People hailing from Ashkenazi Jewish communities in Central and Eastern Europe are most likely to be carriers of these defective genes.
The diagnosis of this disease can be determined when the mother is ten to twelve weeks into her pregnancy with a chorionic villus sampling test. An amniocentesis procedure is often performed by collecting placenta cells by inserting a needle into the mother’s abdomen.
The treatment for infants or children with Tay-Sachs disease centers on making sure they are comfortable and by easing the symptoms. Those who have seizures will be prescribed anti-epileptic drugs. Physical therapy sessions can help those who have issues with weakened or stiff muscles. Many children will be required to have feeding tubes so they can get adequate nutrition.
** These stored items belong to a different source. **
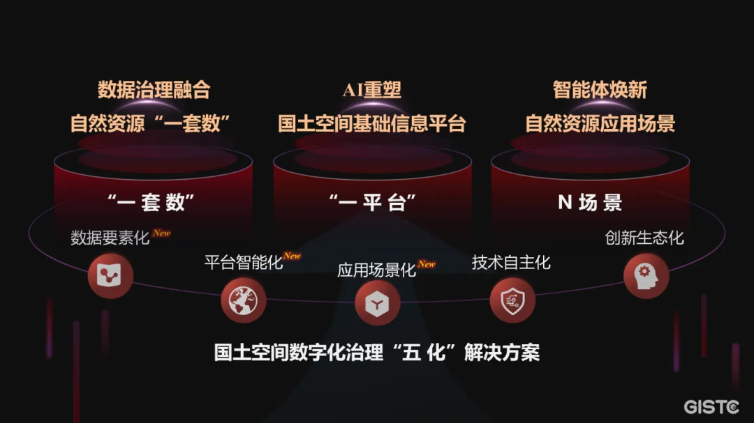 2024空间智能软件技术大会上,超图发布了国土空间数字化治理“五化”解决方案,包括数据要素化、平台智能化、应用场景化、技术自主化、创新生态化。今年,超图分别围绕“一套数”“一平台”“N场景”,提出了数据治理融合自然资源“一套数”、AI重塑国土空间基础信息平台、智能体焕新自然资源应用场景的解决方案。
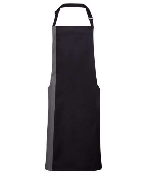 Classic Premier bib apron with contrast coloured panel. Self fabric neck. Self fabric ties 90cm long, width 72cm, length 86cm. 60°C domestic wash. Sliding adjusting buckle. Two front side pockets with slanted opening.
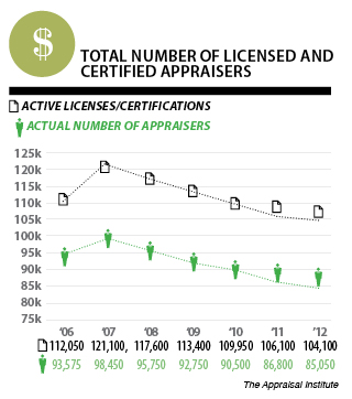 An FHA-published roster of certified appraisers lists 46,212 appraisers in the U.S. as of December 12, 2012. Compared with the 64,472 appraisers listed in September 2009, this number illustrates an alarming 28 percent decline in just three years. Also, keep in mind that just because these appraisers are listed on the roster, doesn’t mean they are necessarily active. Some could still have their licenses, but may have retired or moved on to another position in a related field.
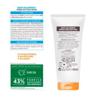 Garnier Delial SUPER UV con Niacinamida y Ácido Hialurónico FPS50 Crema Facial Anti edad, ofrece una alta protección diaria contra los rayos UVB y UVA incluso largos. Con un acabado no graso, este fotoprotector diario reduce la visibilidad de las arrugas y las líneas de expresión hidratando instantáneamente la piel.
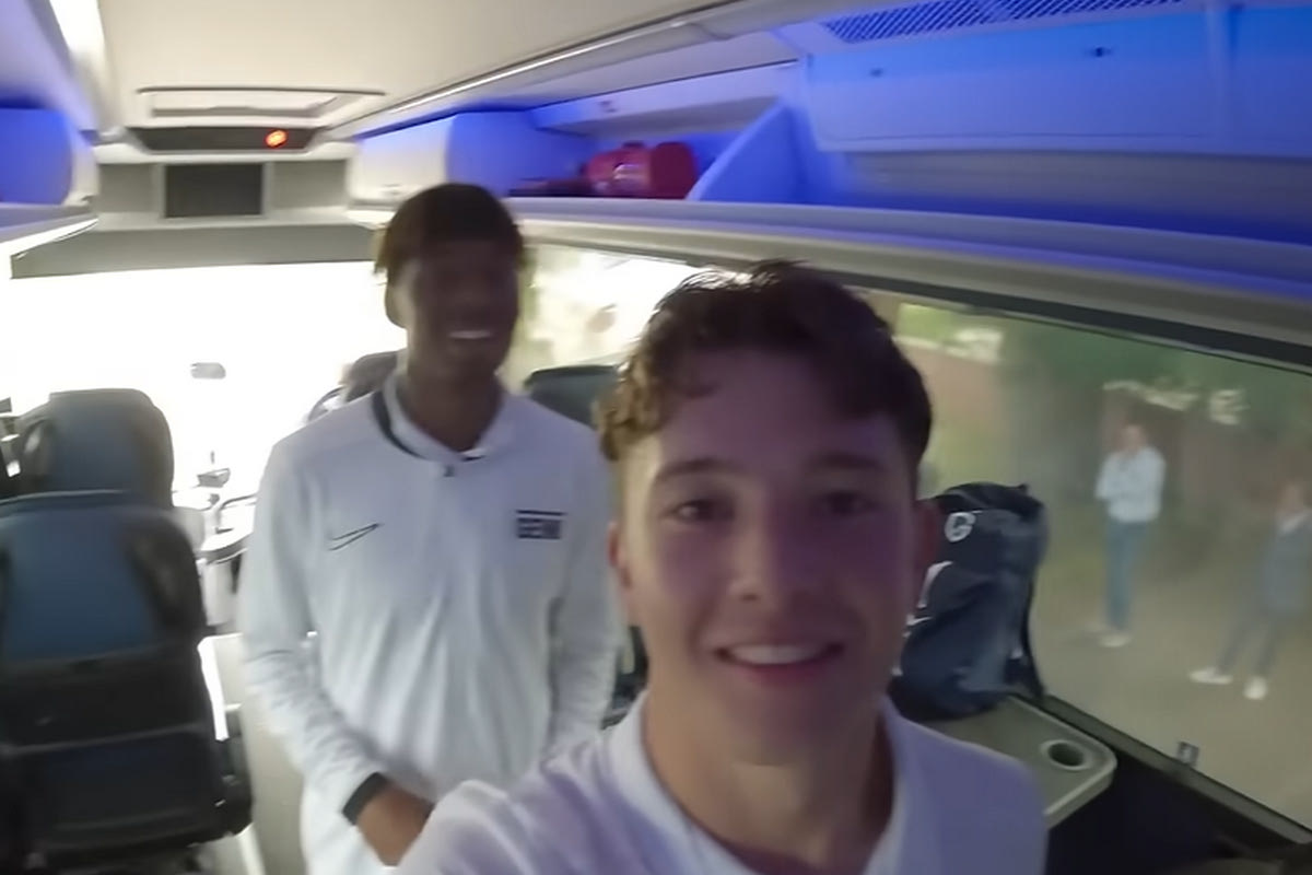 Έχοντας αναλάβει ουσιαστικά χρέη δημιουργού διαδικτυακού περιεχομένου, ο 17χρονος “ξενάγησε” μαζί με τον συμπαίκτη του, Νόα Αντεντέγι-Στέρνμπεργκ, τους φίλους της ομάδας στο πολυτελέστατο πούλμαν, το οποίο προορίζεται για τις μετακινήσεις και τις αποστολές των Βέλγων.

There is no way to prevent Tay-Sachs disease other than getting screened for the HEXA mutation that causes Tay-Sachs prior to starting a family.
The two highest-risk groups are those with a family history of Tay-Sachs disease and those of Ashkenazi Jewish descent (many Jewish peoples of England are Ashkenazi). The Tay-Sachs gene is carried in approximately 1 in 30 of the Ashkenazi Jewish population, while the prevalence of this gene is approximately 1 in 300 for the rest of the population.
The best way to prevent Tay-Sachs disease is to know family history and for those at risk to get screened, particularly if they are planning to start a family. If both partners test positive for the gene, there is a 25% chance their child will develop Tay-Sachs disease. Adoption is an alternative method for couples to that do not wish to take such a risk.